At the time, Ferguson urged Emanuel to shorten future contracts and consider including a “mandatory mid-term re-opener” that would be triggered in the event of a “fiscal emergency” or whenever the city’s operating revenues drop below a “certain negotiated percentage.”

The inspector general also urged the city to pull back from non-prevailing wage employees in the building trades who got 29.3 percent pay raises over the ten-year period, nearly triple the 11.8 percent increase in the consumer price index during that period.

Ramirez has accused Ferguson of painting a distorted picture of the ten-year contract and its prevailing wage provisions.

“The rates are the same. But, what he doesn’t get into is that the benefits are not the same. It’s significantly less than the city pays for health insurance, pensions and so forth than the guys on the outside,” Ramirez said on the day the inspector general released his report.

Ramirez has also argued that the 10-year agreement “benefited the city tremendously,” with “millions upon millions of dollars saved on health care.”

Ferguson recommended that the city and union leaders consider “reasonable across-the-board increases” in health care contributions or entertain other options.

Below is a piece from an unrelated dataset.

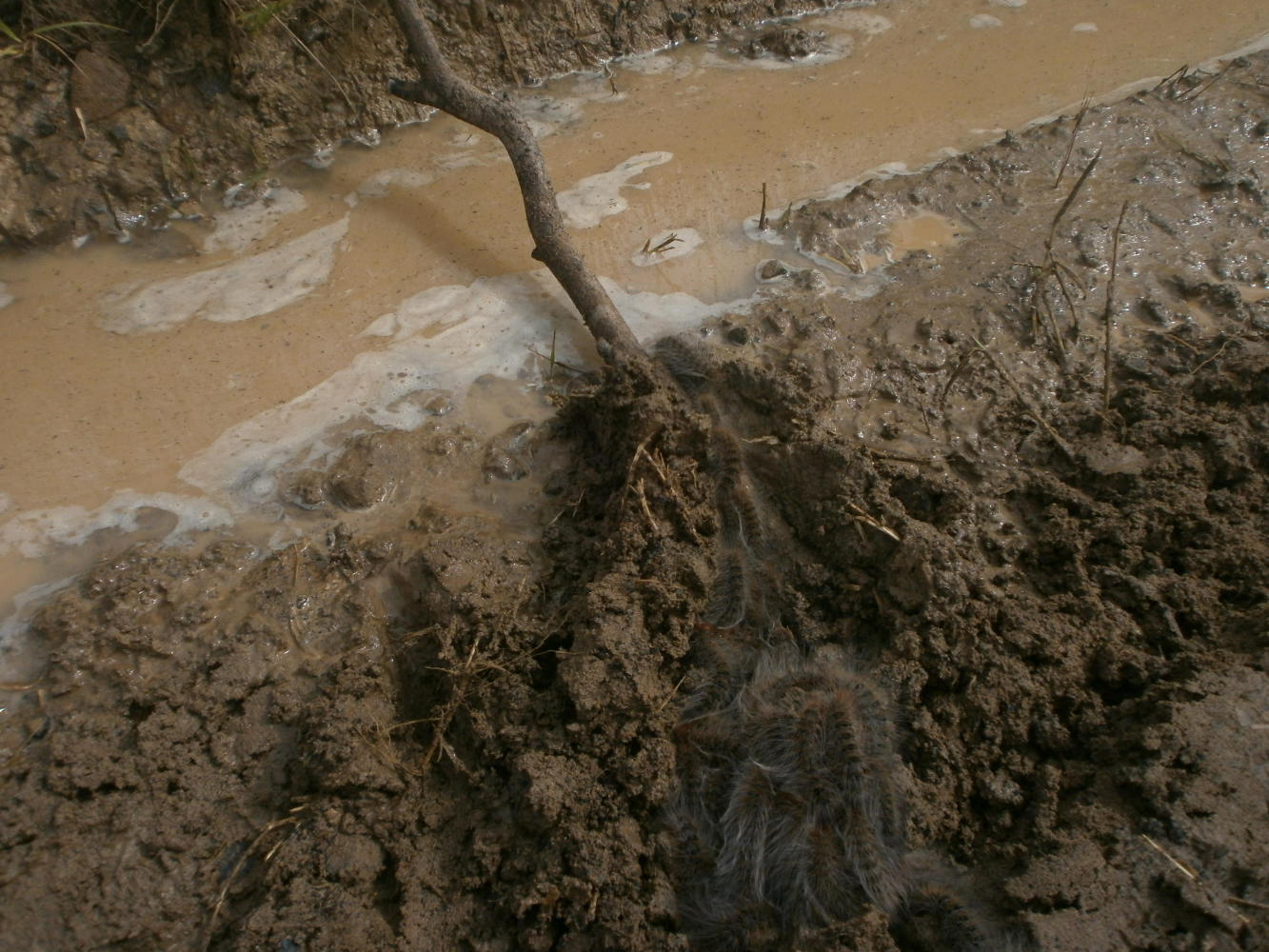 I changed tack, and spent some considerable time constructing a causeway out of mud, and a path leading to it. Then I tried to poke (with a stick, from a safe distance) a caterpillar to break it out of the line and get it to lead the ones behind it to the causeway and the safety of the far embankment. Sadly the new guy was no leader, and this too met with failure. It seemed like all these caterpillars really wanted to do was follow each other around in circles. So I left them to it.

They include: raising rates for the “highest-paid union employees” to match those paid by the highest-paid non-union workers; confining increases to smokers and employees who engage in “similarly unhealthful activities” and creating “tiers of coverage from basic to Cadillac” with “corresponding levels” of contributions.

Already, City Hall and labor have worked together to promote a wellness program, change prescription drug coverage, offer incentives for managed care and trim the network of hospitals to those offering high-quality care at lower costs.